Many students enroll right out of basic training. Estephani Bratschi, 22, joined the Navy earlier this year after graduating from the University of South Florida with degrees in international studies and political science. As for her computer expertise, the Tampa native says with a laugh, “I could press the power button, and I could type pretty well.” She has a hard time picturing herself hacking a militant’s cell phone to locate roadside bombs, but she’s interested in learning marketable technical skills. Worldwide, there’s a shortage of almost 1 million workers for cybersecurity positions, with average salaries topping $100,000.

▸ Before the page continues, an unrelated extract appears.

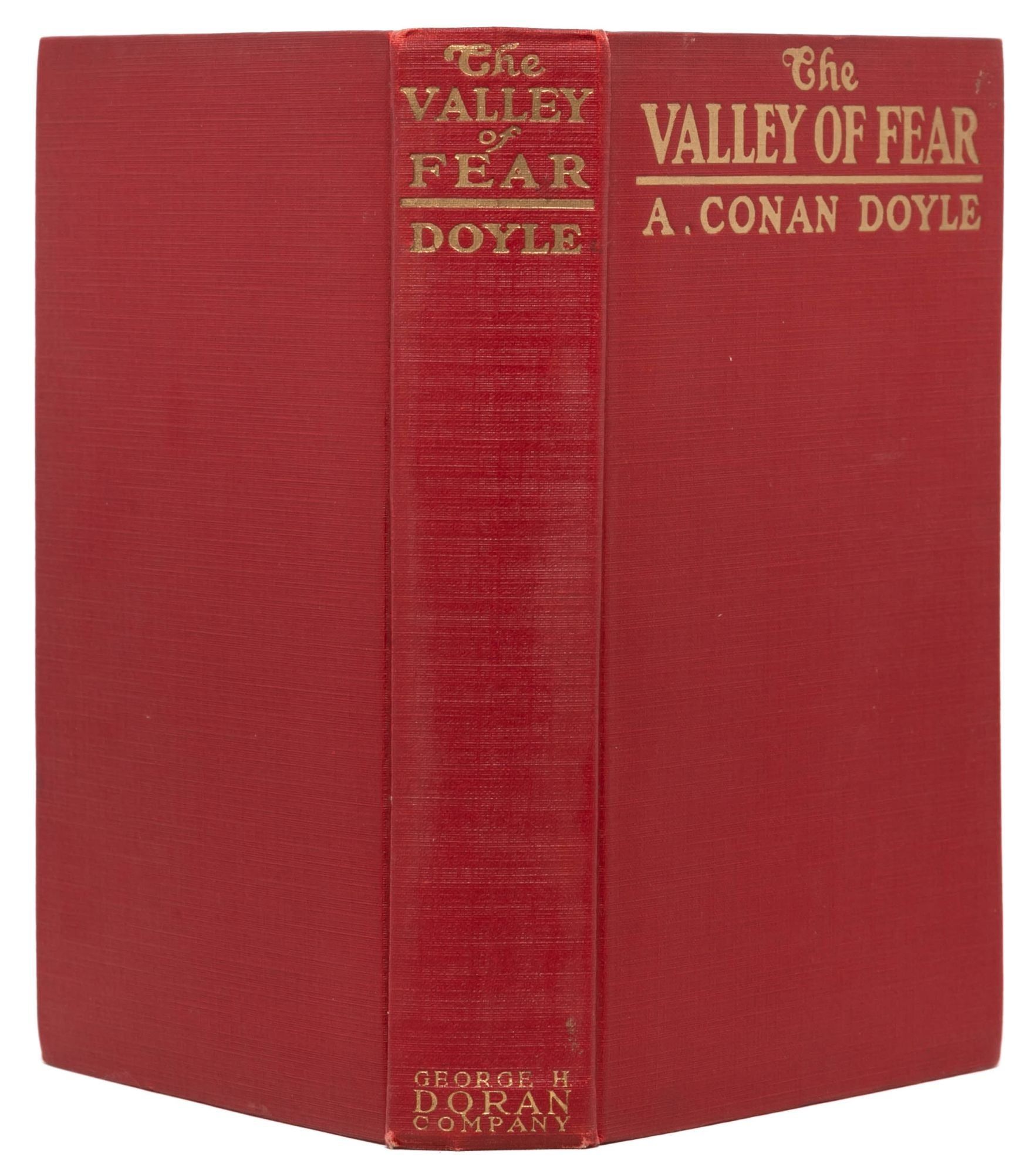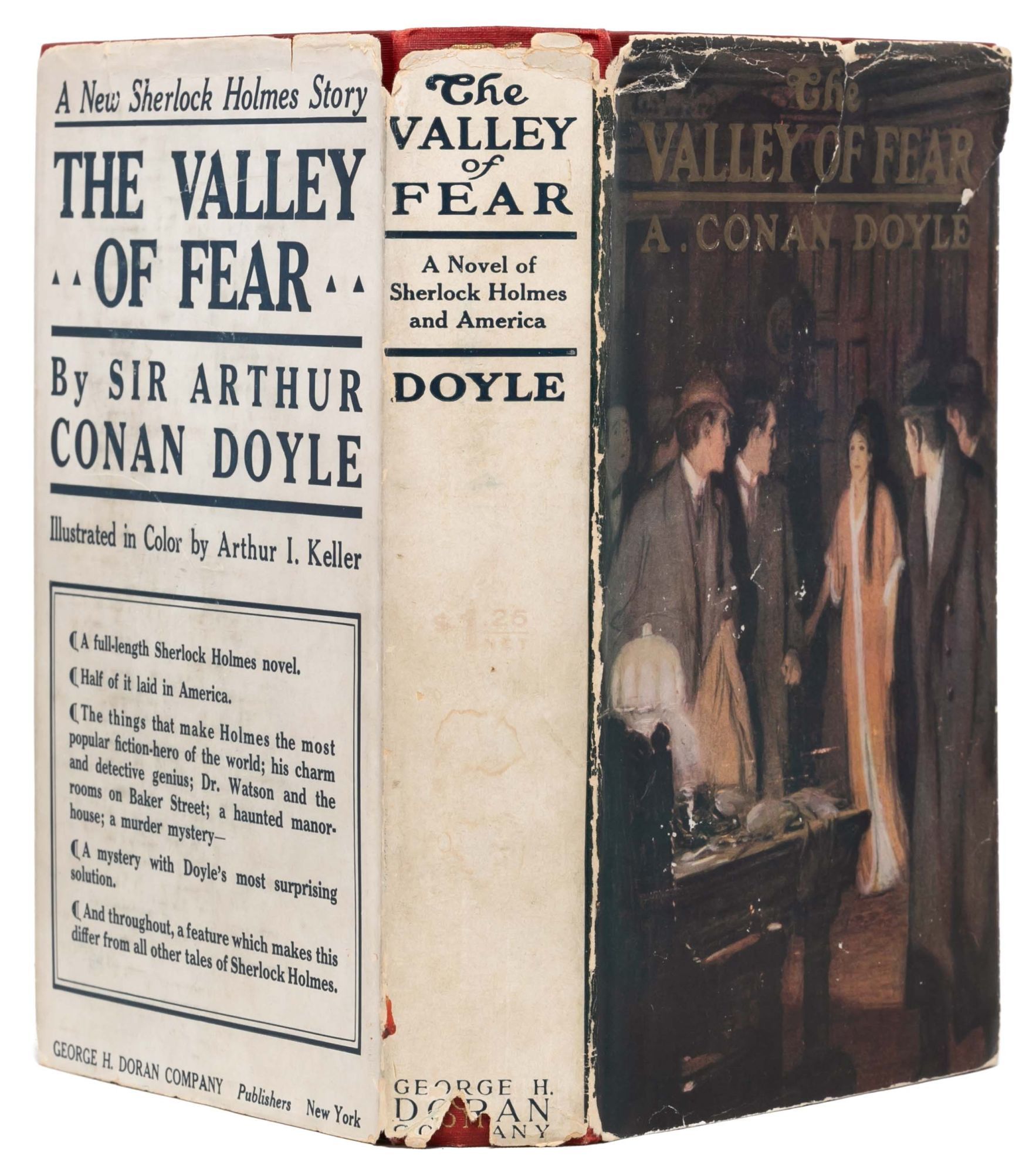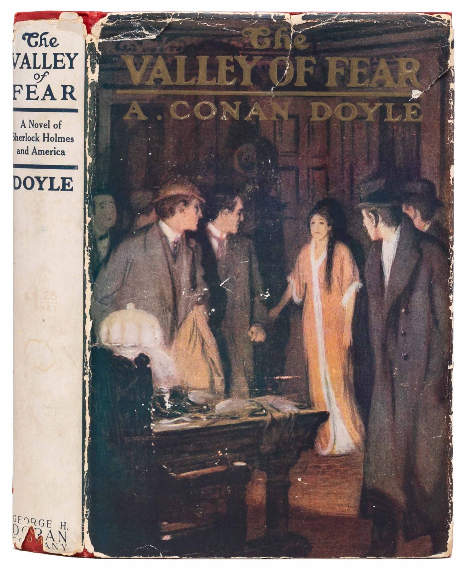 New York: George H. Doran, 1914. First edition. Near Fine/Very Good. First printing, of the fourth and final novel in the Sherlock Holmes series (there were also a number of short story collections). It preceded the UK edition by three months. Original red cloth, spine and front cover lettered in gilt. With dust jacket. Frontispiece and 6 plates by Arthur I. Keller. A bright Near Fine copy, with the spine just a bit cocked and an early gift inscription (in pencil) on the front free end paper. Very Good dust jacket unrestored. A few short tears at the top of the front panel, small chips from the spine ends (larger at the heel), rubbing to the folds, but a handsome example overall. Original price of $1.25 in red has faded on the spine, but is still legible.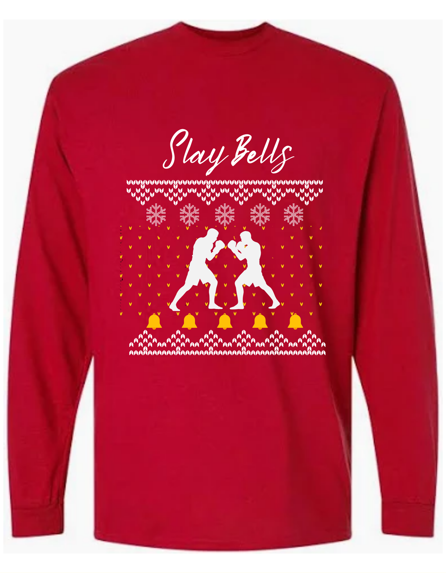 Ding, ding, ding! Can you hear the slay bells ring? Enjoy the holidays while showing off your boxing enthusiasm with this festive, long-sleeve red shirt.

Entrance-exam recruiting marks a major shift from the scattershot approach the military used to find talent for years, says Chase Cunningham, a onetime Navy diesel mechanic who became a cyberspecialist by accident. In 2003, Cunningham was sent to Corry Station for cryptology training after he managed to fix the faulty code in an engine room system. He went on to a career in cryptology for the Navy and the NSA before becoming the head of threat intelligence for cloud-hosting company FireHost. “It was a million times better than checking oil 100 times a day and cleaning out AC-unit filters,” he says.

Corry Station
Corry Station
Photographer: William Widmer for Bloomberg Businessweek

For several years after the Navy merged cryptology and IT in 2005 to create CID, an Army team traveled to military bases giving an odd, 20-question test to identify hackers-at-heart. Some questions were technical, such as finishing a Linux command line. Others were logic puzzles designed to tease out creative thinking. One asked students to figure out the words in a phrase based on the first letters of each word. Those who passed were retrained and redeployed as cyber operators. “There wasn’t a really great pipeline or feeder system to get these people,” says Bob Stasio, a former Army captain who helped administer the tests. “We had to find these diamonds in the rough.”

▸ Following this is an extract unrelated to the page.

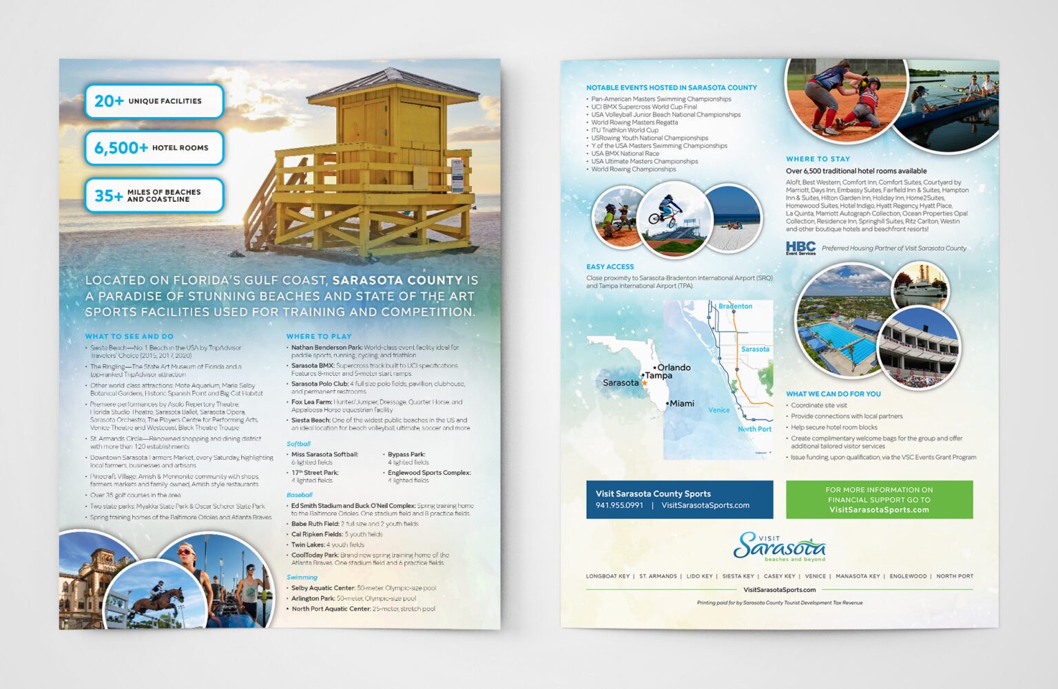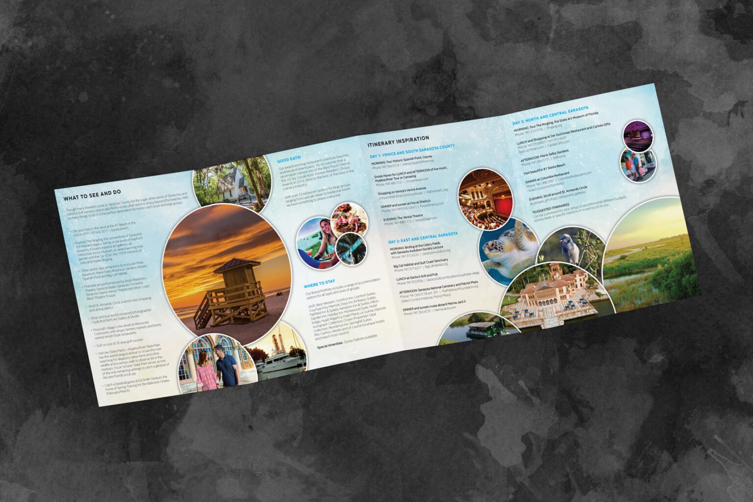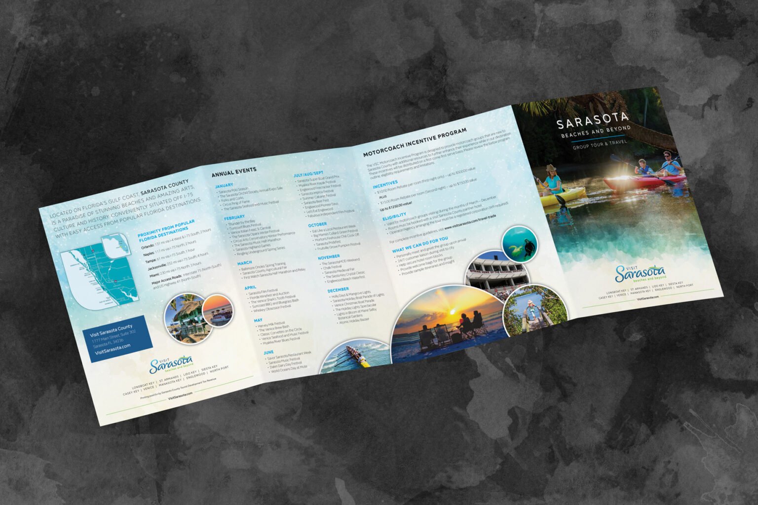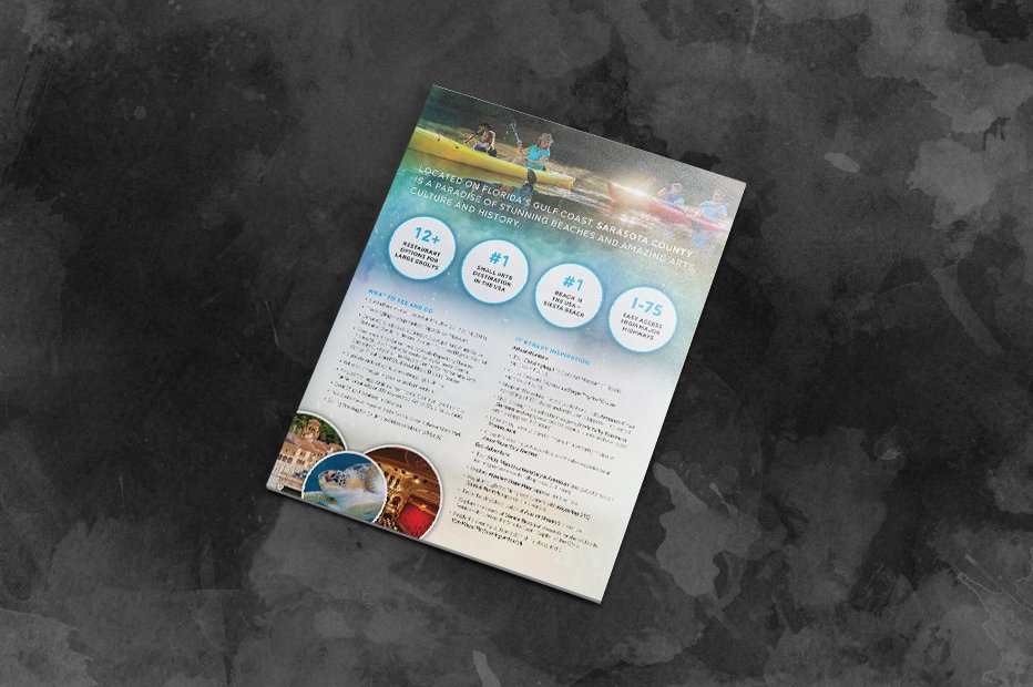 As the official tourism marketing organization for Sarasota County, Visit Sarasota County plays a vital role in promoting the region’s economy and identity — where tourism is the number-one industry. The organization needed dynamic, cohesive, and visually captivating materials that could inspire visitors, engage local partners, and reflect the beauty, sophistication, and diversity of Sarasota itself.

Stasio, who has also managed cyber intelligence for Bloomberg LP, the parent company of Bloomberg Businessweek, says he was surprised to learn which jobs tended to produce the most reliable specialists. People with electronics backgrounds, such as radar technicians and radio operators, naturally thrived, but so did people with highly specific but unrelated training, including mechanics and medics. “They had this intellectual curiosity to do this kind of thing,” he says.

The military is creating formal career paths for cyberspecialists, and demand from the private sector has made it tougher to recruit and retain them. Tim Johnsen, 33, from Randolph, N.J., says he signed on for the cyberwarfare program earlier this year with an eye to getting a job after he leaves the military. “The people who are the best in that world are not linear. They don’t like hierarchy,” says Pat Ryan, a former Army captain who helped assemble the branch’s first cyber unit in 2009 and now advises security startups on contracting for the federal government. “That makes the private sector a more hospitable place.”

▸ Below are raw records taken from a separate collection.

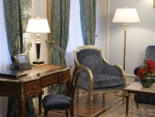 В номере установлен факсимильный аппарат с портом для подключения модема. В ванной комнате имеется фен и косметическое зеркало для бритья и макияжа, биде, напольные весы, дополнительный телефонный аппарат, халаты, а также набор туалетных принадлежностей класса VIP.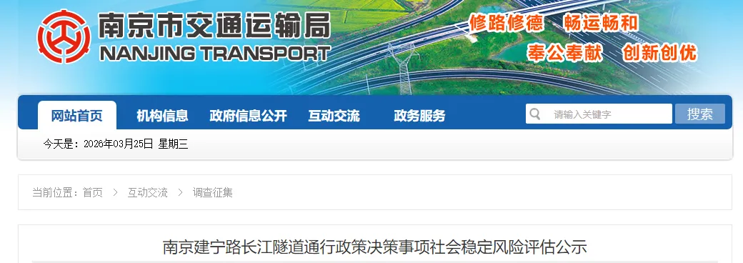 刚刚,南京建宁路长江隧道通行政策开展社会稳定风险评估公示并征询公众的意见和建议。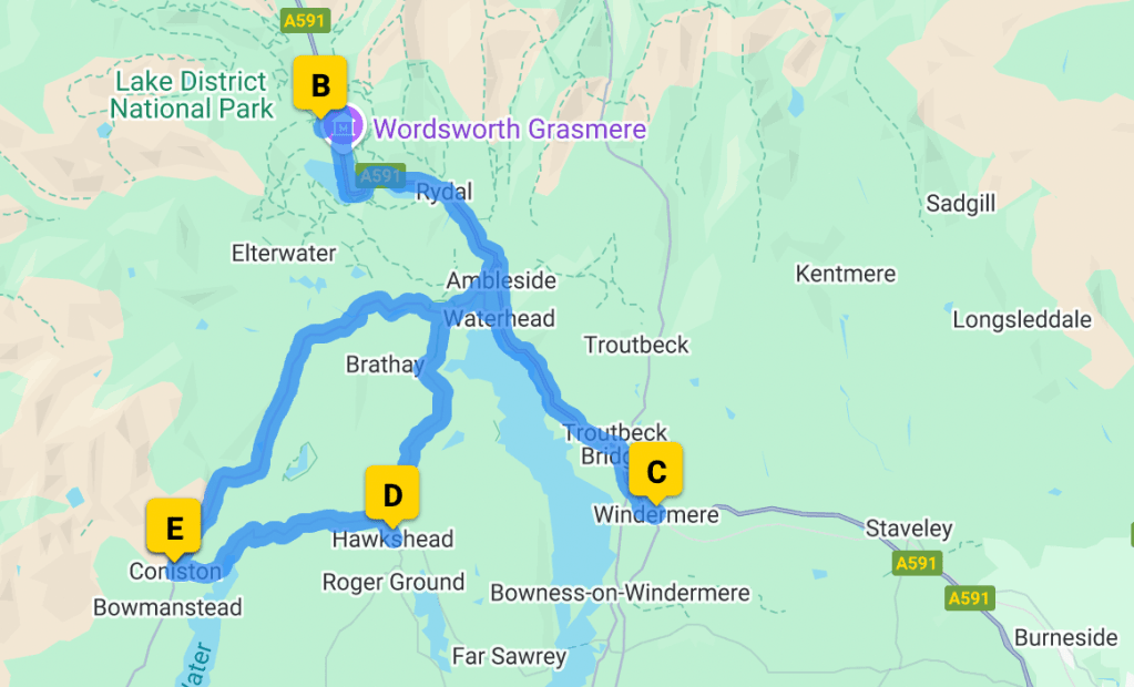 Grant wasn’t interested in the whole Wordsworth thing, so he amused himself walking around Grasmere while I was in the cottage. More of those low-flying f-number planes came through the valley when I was walking back to join him. I asked in a café what they were – apparently they are F35S and a mix of British air force and NATO planes. Mystery solved.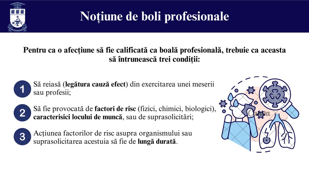 Noţiune de boli profesionalePentru ca o afecțiune să fie calificată ca boală profesională, trebuie ca aceasta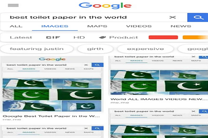Google search has been showing the Pakistani flag to be the "best toilet paper in the world", the "best China-made toilet paper" or just "toilet paper".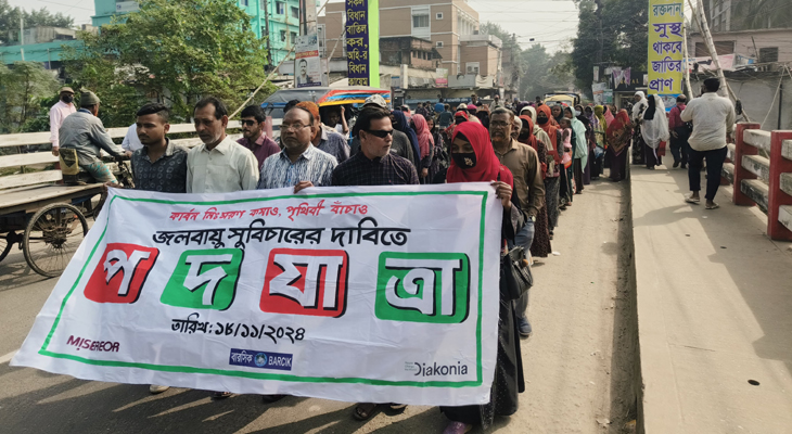 সাতক্ষীরায় জলবায়ু সুবিচারের দাবিতে পদযাত্রা অনুষ্ঠিত হয়েছে। সোমবার (১৮ নভেম্বর) সকালে পদযাত্রাটি সাতক্ষীরা কেন্দ্রীয় শহীদ মিনার থেকে বের হয়ে শহরের প্রধান প্রধান সড়ক প্রদক্ষিণ করে নিউমার্কেট মোড়ে গিয়ে শেষ হয়। বাংলাদেশ রিসোর্স সেন্টার ফর ইনডিজেনাস নলেজ (বারসিক) এবং শিক্ষা, সংস্কৃতি ও বৈচিত্র্য রক্ষা টিম আয়োজিত এই পদযাত্রা শেষে এক সংক্ষিপ্ত সমাবেশে বক্তারা বলেন, বিশ্বের উন্নত দেশগুলো অতীতে কার্বন নিঃসরণ কমিয়ে ক্ষতিপূরণ দেওয়ার নানা প্রতিশ্রুতি দিলেও তারা তাদের প্রতিশ্রুতি রক্ষা করেনি। বৈশ্বিক উষ্ণতা প্রতিরোধে তাদের কার্বন নিঃসরণ কমাতে হবে। একই সাথে ক্ষতিগ্রস্ত দেশগুলোকে ক্ষতিপূরণ দিতে হবে।

The hacker-training pipeline has also attracted people such as Alex Robinson, who completed the CID program in 2010 and became an instructor last year. Before that, he spent eight years as a gunner’s mate. “It’s a huge change from weapons to computers,” he says. “I didn’t know I was a nerd.”

The bottom line: The Pentagon has revamped its cybersecurity recruitment and training process but remains years behind schedule.